In the material below, find the line containing "Wooden cactus bowls" and output it and all lines after it exactly, through the last one, without the pictures.

Given material Block Start

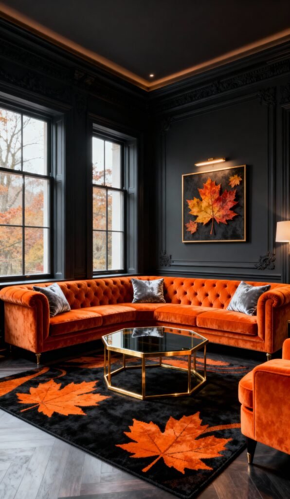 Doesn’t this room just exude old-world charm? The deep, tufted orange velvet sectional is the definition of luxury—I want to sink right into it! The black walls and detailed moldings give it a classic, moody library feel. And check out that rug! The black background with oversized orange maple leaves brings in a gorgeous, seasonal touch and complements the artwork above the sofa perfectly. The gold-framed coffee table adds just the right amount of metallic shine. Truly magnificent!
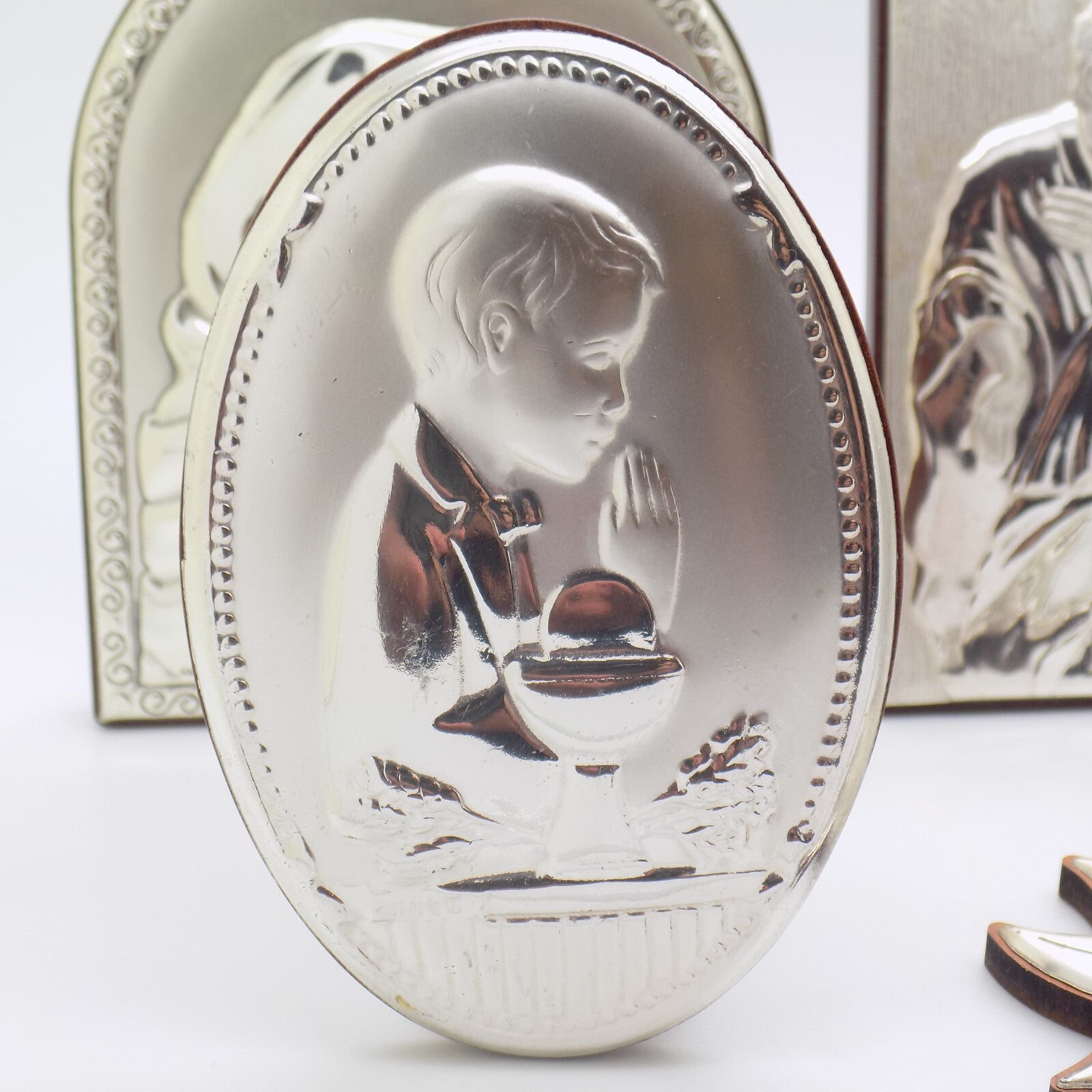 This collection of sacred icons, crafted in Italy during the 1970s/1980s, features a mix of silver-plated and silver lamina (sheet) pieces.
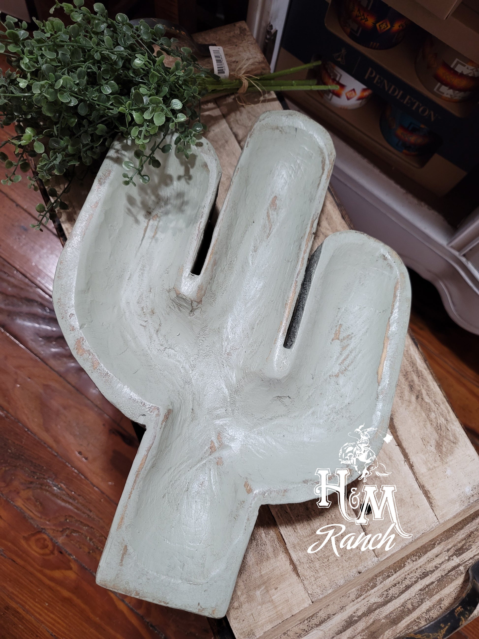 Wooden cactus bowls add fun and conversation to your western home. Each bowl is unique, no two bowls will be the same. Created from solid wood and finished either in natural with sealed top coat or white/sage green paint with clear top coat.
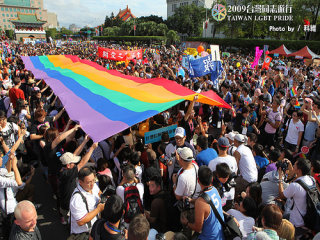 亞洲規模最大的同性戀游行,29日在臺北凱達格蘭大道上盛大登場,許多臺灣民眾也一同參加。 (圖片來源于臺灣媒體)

Given material Block End

**Output**
 Wooden cactus bowls add fun and conversation to your western home. Each bowl is unique, no two bowls will be the same. Created from solid wood and finished either in natural with sealed top coat or white/sage green paint with clear top coat.
 亞洲規模最大的同性戀游行,29日在臺北凱達格蘭大道上盛大登場,許多臺灣民眾也一同參加。 (圖片來源于臺灣媒體)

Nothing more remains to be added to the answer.